Don’t Count Out the Cloud for your Storage and Compute Needs

The past few weeks have been a bit tumultuous for the cloud industry.  You haven’t had to look too hard to see the thunderheads on the horizon.  An AWS glitch took some news sharing and social networking sites offline for the better part of a day (see Ashish Nadkarni's related post, "What We Should Learn from the Recent Amazon Outage").   Iron Mountain announced that it will be exiting the commodity-oriented, public cloud storage business over the next couple of years, although the company will continue to provide enterprise-class cloud storage services to business customers.  A number of small vendors are struggling to gain traction, and one quietly laid off a large number of its staff last week.

Taken in isolation, these developments could be interpreted as a sign that cloud technology is not ready for serious business use and that the cloud market is hitting a proverbial wall.  But that would be a mistake.  Yes, cloud hype has consistently been out in front of reality, as many established vendors have re-labeled their wares to be “cloud-centric” and investors have rushed to participate in this “next big” opportunity.  At the lower end of the market, a number of cloud-oriented start-ups are struggling to survive and build footholds in niche markets.  And yes, major service providers have suffered significant outages that have temporarily impacted website and services availability, likely shaking the confidence of many users.

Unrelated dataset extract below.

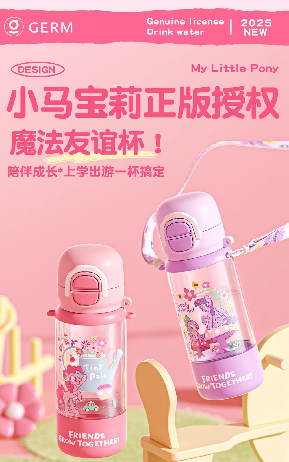 GERM小马宝莉趣享弹跳水杯550ml 花园紫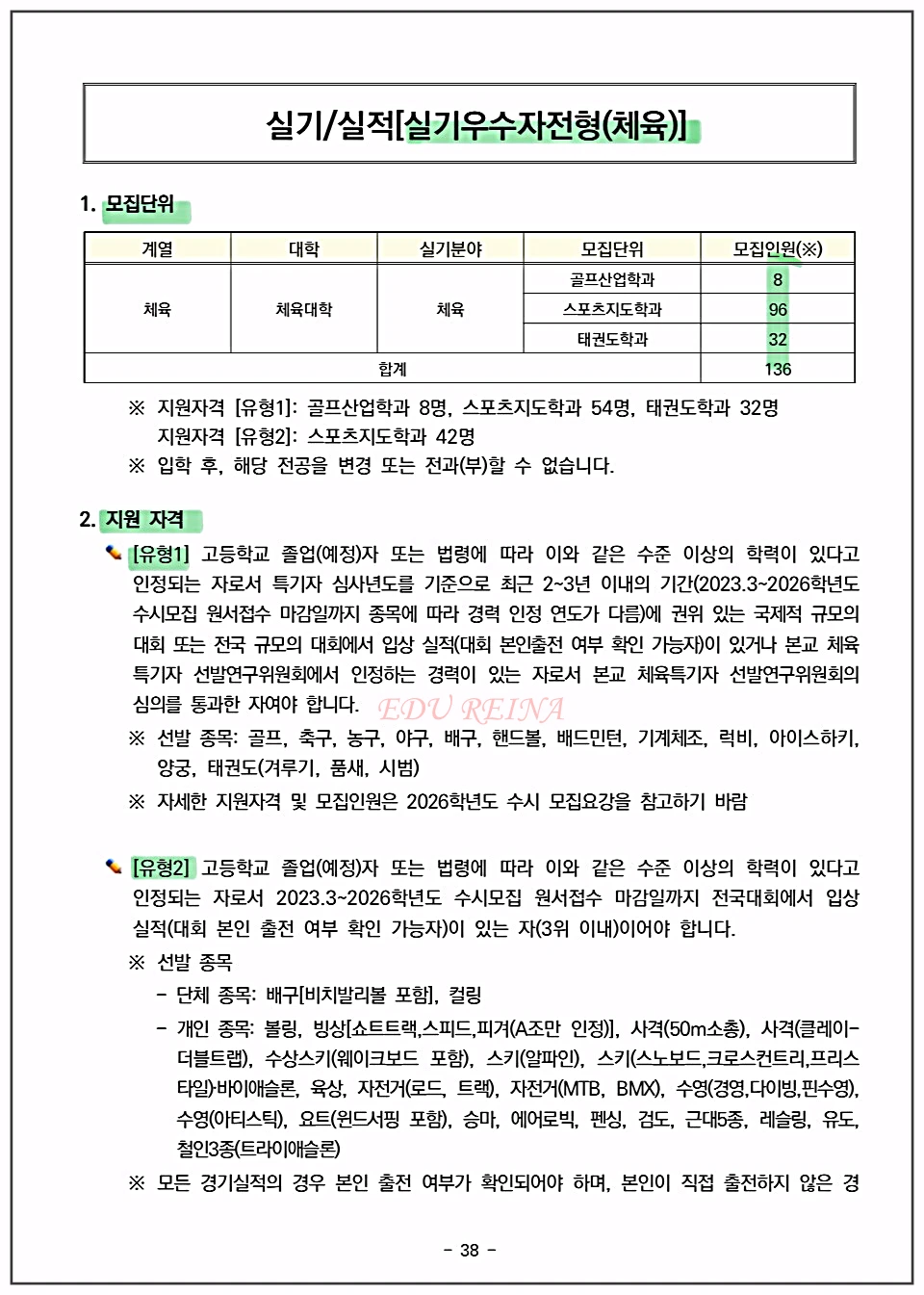체육계열의 학과는 대회 실적이 중요하므로 지원 자격을 꼼꼼히 살펴볼 필요가 있어요.

But consider the brighter side of what’s happening.  The cloud market is in a very early stage of development, and yet large players are already making significant investments in new cloud technologies and offerings.  Dell, HP and IBM have recently committed to broad cloud development and marketing initiatives, joining Cisco, Microsoft, VMware, and a whole host of other infrastructure providers.  A number of smaller, cloud-focused players are already finding success in the market.  As one example, cloud pioneer Nirvanix is enjoying steady and robust growth.  In addition to having a full suite of offerings spanning the public/private/hybrid spectrum, Nirvanix is servicing the needs of enterprise customers, with capabilities such as secure multi-tenancy and 5 nines of availability.  TwinStrata is building a strong cloud storage gateway business that can facilitate things like backup and DR, while another start-up, StorSimple, is helping customers gain control of large sets of distributed, unstructured data by surrounding it with a full complement of data storage lifecycle services.  Each week brings news of a new use of cloud technology to improve productivity or solve a real business problem.  Indeed, the positive developments in cloud computing and cloud storage are far more than a silver lining.

In this nascent market, a whole host of small cloud vendors are fighting to build both revenue and relevance, and it’s only natural that some will struggle and even fail.   As the newsmakers of the day, they take the spotlight off vendors that are steadily growing and satisfying customers.  But we shouldn’t forget about these success stories.  And while it’s troubling that a large service provider such as Amazon could allow a technical problem in one data center to disrupt so many sites and users, they are not claiming to serve the production-level cloud needs of the business (let alone enterprise) market.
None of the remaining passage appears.